The Pasco teens will head across the mountains March 8, getting to Seattle in time for activities such as a question-and-answer session with the traveling cast.

Some of the teens may be picked to perform their piece on stage, in front of their fellow students and Hamilton actors.

It is, without hyperbole, the opportunity of a lifetime.

Tickets to Hamilton are expensive and tough to get, and it’s sure to be a transformational experience.

“It’s going to blow their minds,” said Heather Johnson, the drama teacher at Pasco High.

Most of the students haven’t seen much, if any, live theater — especially not something like Hamilton, she said.

“It’s going to be out of this world for them.

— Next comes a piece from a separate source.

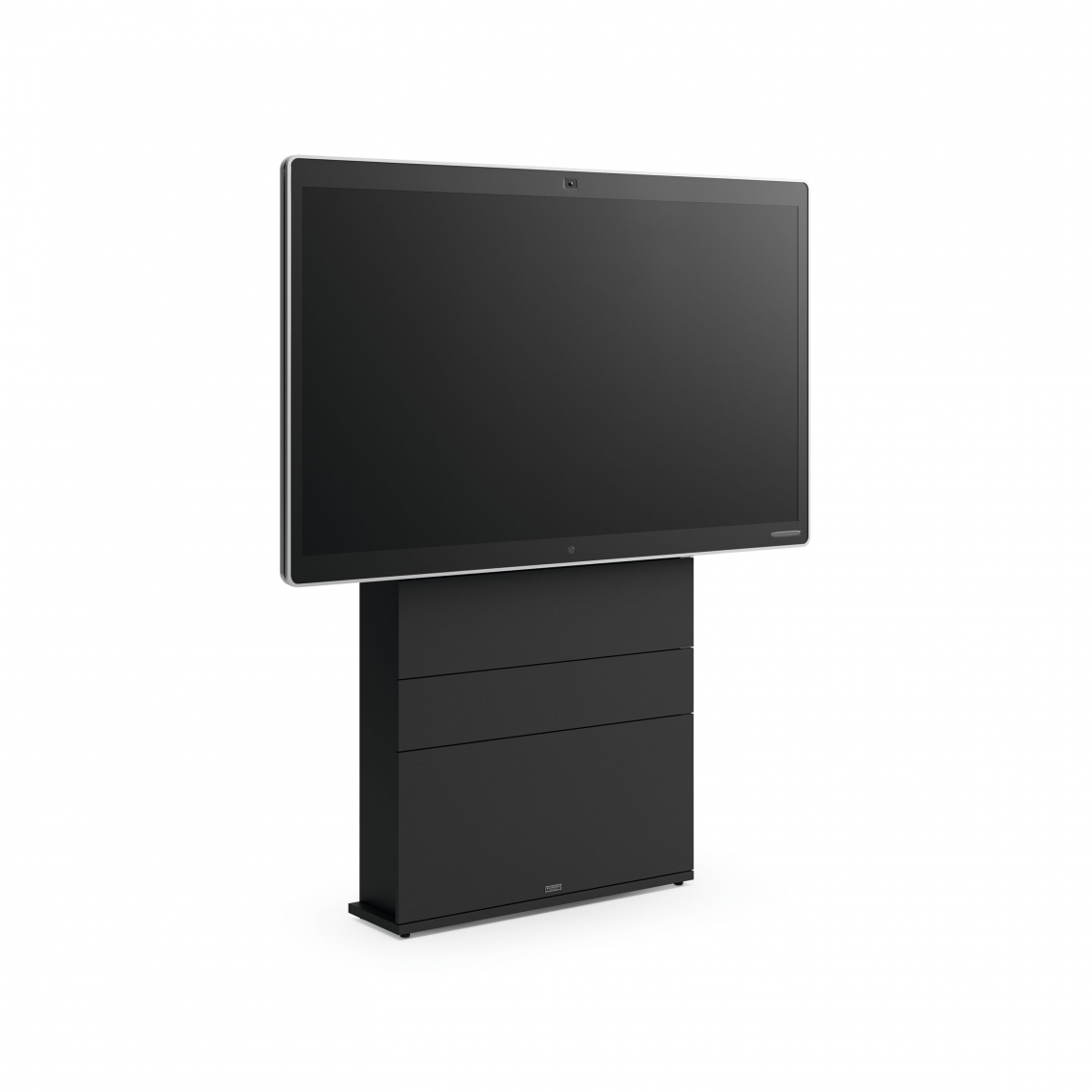 The static Media-X-Stele is compatible with 55, 70 and 85-inch screens from different manufacturers. Or optionally with two 55-inch screens. As digital signage, for presentations, or for virtual conferencing. In management office, open space, conference room, lounge, shop, or lobby.

They’re going to be engaged 100 percent, the entire time. They’re going to walk away inspired,” Johnson said.

She sent off an application for the program last year. Pasco High is believed to be the only local school taking part.

Hamilton is at the Paramount Theatre in Seattle as part of a national tour. The show debuted on Broadway in 2015, shattering box office records, racking up awards and earning a place in the cultural zeitgeist.

It sounds like it shouldn’t work. It’s a hip hop musical about the country’s first treasury secretary.

But it does work — a stunning artistic achievement that engages, enlightens and inspires.

And it resonates with young people who might otherwise have no interest in a musical about history.

With Hamilton, it’s “the story of back then, but they are telling it now, in a way that’s (relevant) today. It’s amazing,” said Vanessa Sanchez, 17, one of the Pasco High students seeing the show.

History can be boring, but “now it’s something fun and upbeat and you can listen to it and know what’s going on,” Magdalena added.

Along with Johnson, Pasco High teachers Megan Juzeler, Ron Newbury, Kelsey Gilman and Marcie White are helping with the program.

Administrators and other staff also have been vital to making it happen, Johnson said. And she’s grateful to Ag Association Management, which is kicking in $1,000 to cover lunch during the trip.

The students taking part are all juniors and were nominated based on outstanding behavior.

They had early release on a recent Wednesday, but they stuck around to bone up on Hamilton history and work on their performance pieces.

Geo already has part of his rap done. Magdalena planned to do a scene, something centered on the U.S. breaking from England.

Unlike Geo, who’d never heard of Hamilton before his teacher clued him in, Magdalena found the show on her own. She loves it.

The music and story are inspiring, thrilling, she said. She can’t wait to see it live, with the performances sweeping her up and transporting her.

“It’s amazing seeing them there. They’re acting right in front of you,” Magdalena said. “I’m excited.”